_Records shown_
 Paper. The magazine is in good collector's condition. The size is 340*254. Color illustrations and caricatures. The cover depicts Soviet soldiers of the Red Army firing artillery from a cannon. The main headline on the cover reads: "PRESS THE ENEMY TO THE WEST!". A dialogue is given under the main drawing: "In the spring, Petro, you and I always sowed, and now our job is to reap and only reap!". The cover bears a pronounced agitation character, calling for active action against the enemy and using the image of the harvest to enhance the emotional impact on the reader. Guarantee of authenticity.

---

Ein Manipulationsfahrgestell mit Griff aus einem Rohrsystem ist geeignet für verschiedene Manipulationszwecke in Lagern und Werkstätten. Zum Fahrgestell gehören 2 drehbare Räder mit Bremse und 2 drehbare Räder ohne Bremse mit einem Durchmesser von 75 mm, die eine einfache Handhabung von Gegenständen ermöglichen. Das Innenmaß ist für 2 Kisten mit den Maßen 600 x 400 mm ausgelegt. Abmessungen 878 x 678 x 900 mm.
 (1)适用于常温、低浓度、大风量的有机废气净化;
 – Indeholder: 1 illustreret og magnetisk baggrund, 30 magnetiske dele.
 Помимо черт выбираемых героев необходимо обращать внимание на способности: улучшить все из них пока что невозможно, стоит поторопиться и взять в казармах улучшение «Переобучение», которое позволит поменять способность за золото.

_Problem requirements_
All lines above between those holding "30 magnetiske dele." and "Помимо черт выбираемых", inclusive, must be set down unchanged, and no other line may be included.

_Written response_
 – Indeholder: 1 illustreret og magnetisk baggrund, 30 magnetiske dele.
 Помимо черт выбираемых героев необходимо обращать внимание на способности: улучшить все из них пока что невозможно, стоит поторопиться и взять в казармах улучшение «Переобучение», которое позволит поменять способность за золото.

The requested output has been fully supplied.